- _Your objective_
Please set down only the lines below starting with the line with "2.复赛辩题由主办方提供(部" and going on through the line with "Sin embargo, en", verbatim and without pictures.

- _Task inputs_
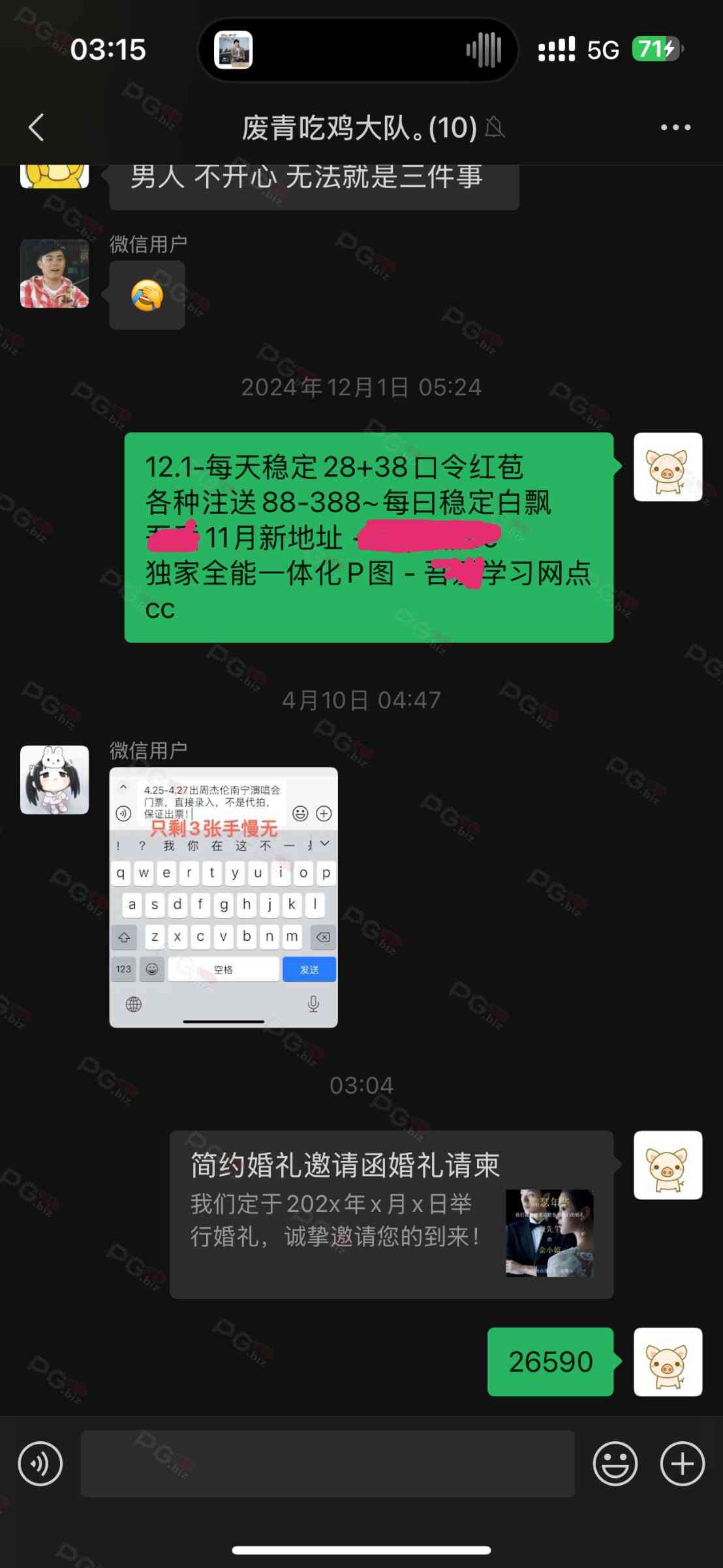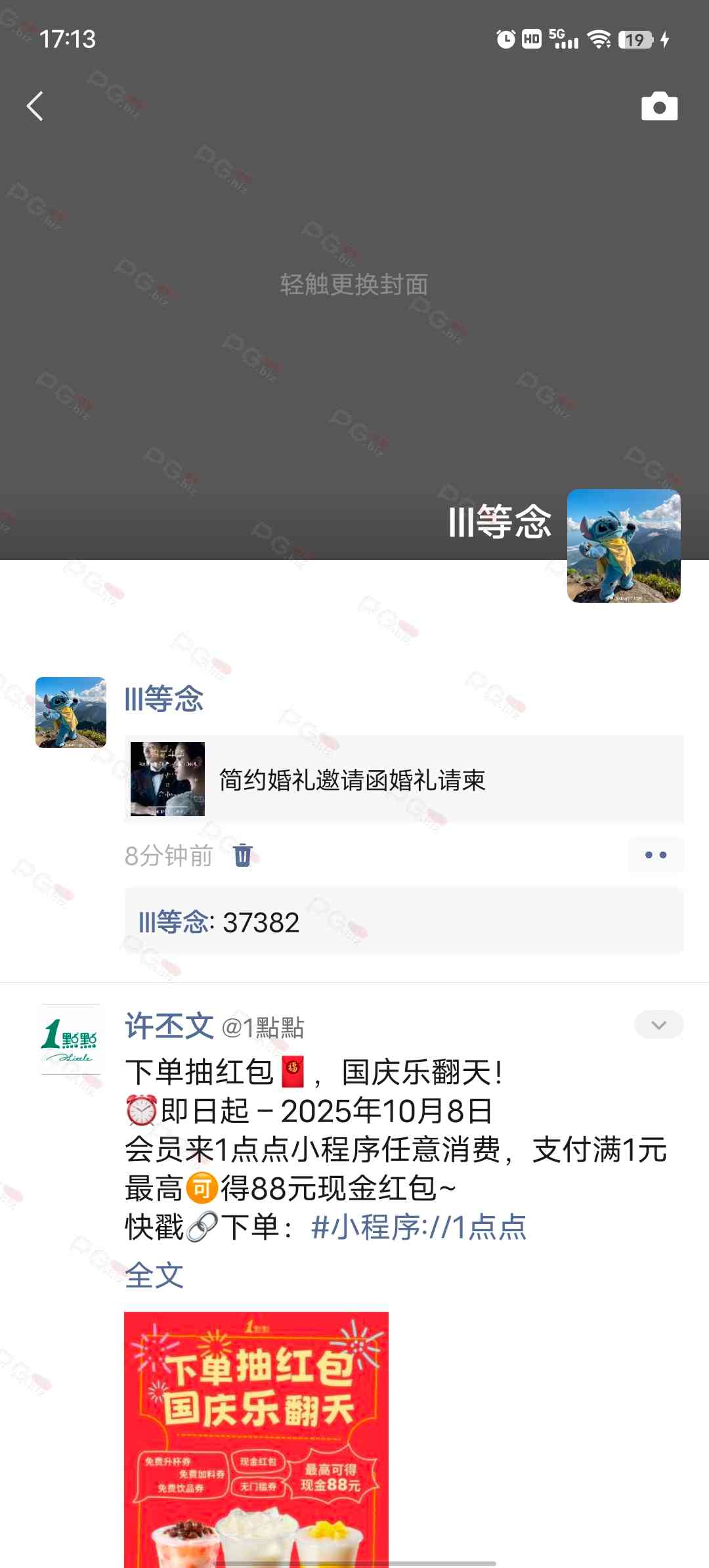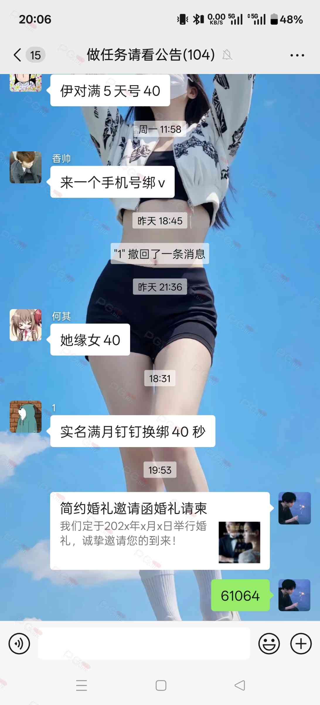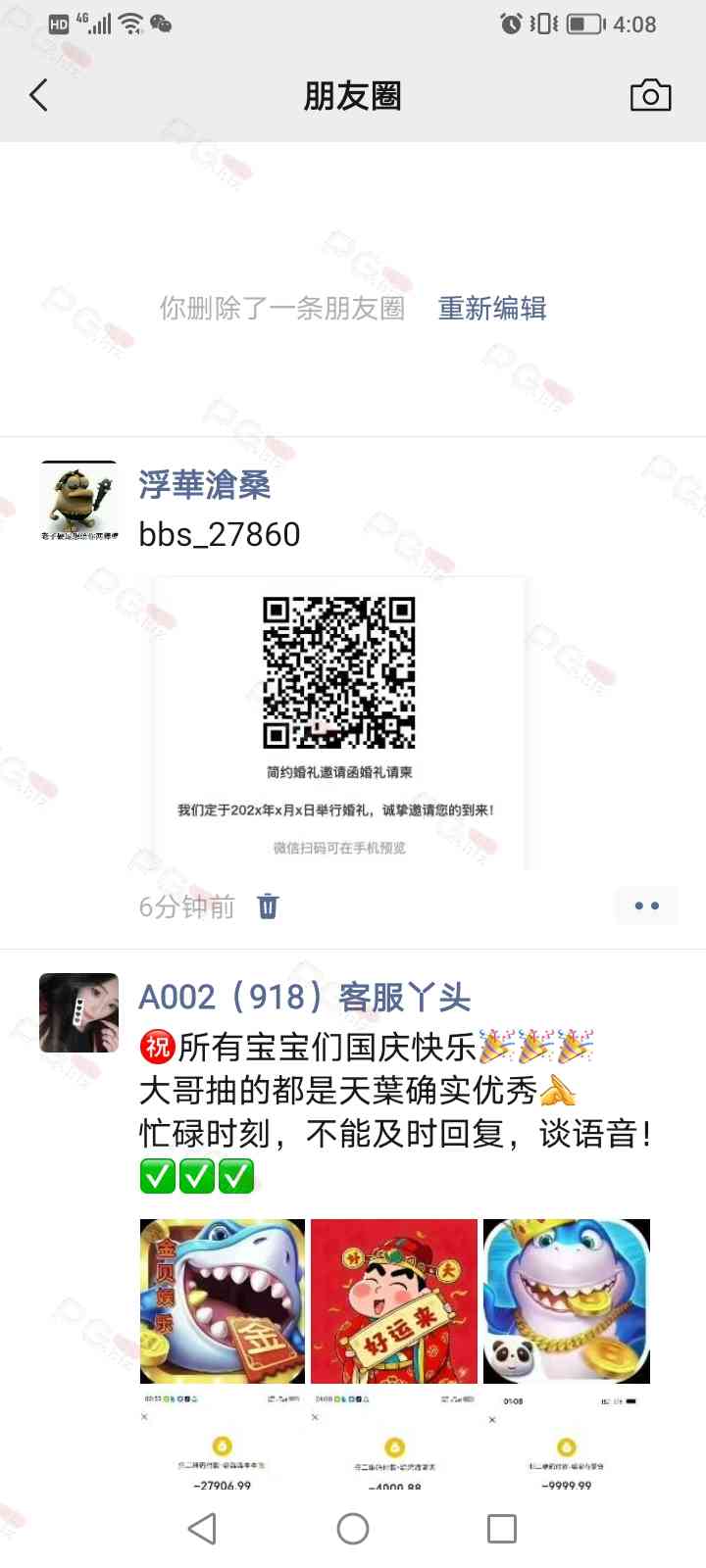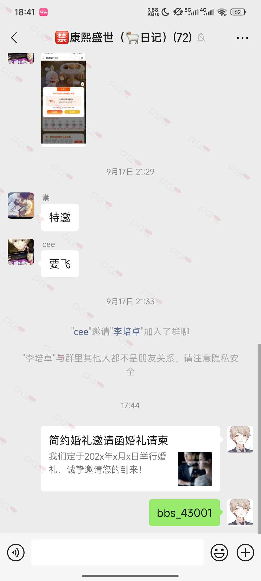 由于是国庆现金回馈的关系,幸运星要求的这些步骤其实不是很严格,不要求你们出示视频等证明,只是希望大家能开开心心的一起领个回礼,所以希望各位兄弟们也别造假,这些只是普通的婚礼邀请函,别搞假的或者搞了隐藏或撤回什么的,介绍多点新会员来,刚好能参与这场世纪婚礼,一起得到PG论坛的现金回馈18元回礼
--
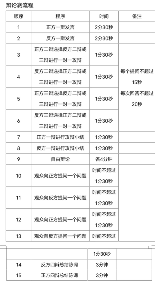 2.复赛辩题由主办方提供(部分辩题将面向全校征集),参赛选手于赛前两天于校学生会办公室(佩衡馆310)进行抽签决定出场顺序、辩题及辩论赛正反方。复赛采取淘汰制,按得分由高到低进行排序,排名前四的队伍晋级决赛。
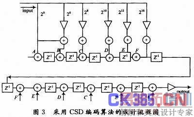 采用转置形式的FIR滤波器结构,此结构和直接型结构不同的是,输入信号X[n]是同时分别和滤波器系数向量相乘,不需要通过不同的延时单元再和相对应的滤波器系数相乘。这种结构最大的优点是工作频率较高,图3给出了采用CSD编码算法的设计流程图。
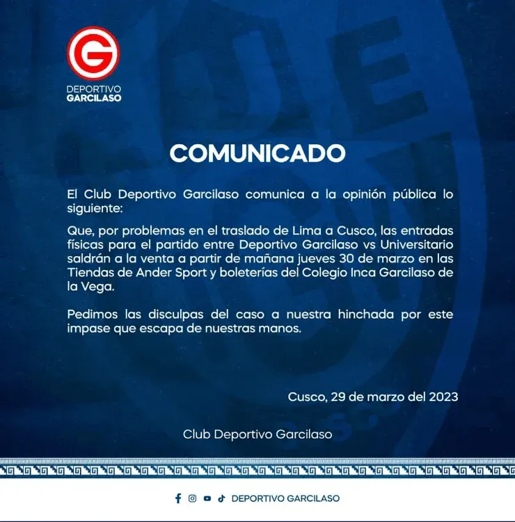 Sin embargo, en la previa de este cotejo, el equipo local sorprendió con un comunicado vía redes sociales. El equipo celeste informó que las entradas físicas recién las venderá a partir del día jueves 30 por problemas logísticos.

- _Response to the task_
 2.复赛辩题由主办方提供(部分辩题将面向全校征集),参赛选手于赛前两天于校学生会办公室(佩衡馆310)进行抽签决定出场顺序、辩题及辩论赛正反方。复赛采取淘汰制,按得分由高到低进行排序,排名前四的队伍晋级决赛。
 采用转置形式的FIR滤波器结构,此结构和直接型结构不同的是,输入信号X[n]是同时分别和滤波器系数向量相乘,不需要通过不同的延时单元再和相对应的滤波器系数相乘。这种结构最大的优点是工作频率较高,图3给出了采用CSD编码算法的设计流程图。
 Sin embargo, en la previa de este cotejo, el equipo local sorprendió con un comunicado vía redes sociales. El equipo celeste informó que las entradas físicas recién las venderá a partir del día jueves 30 por problemas logísticos.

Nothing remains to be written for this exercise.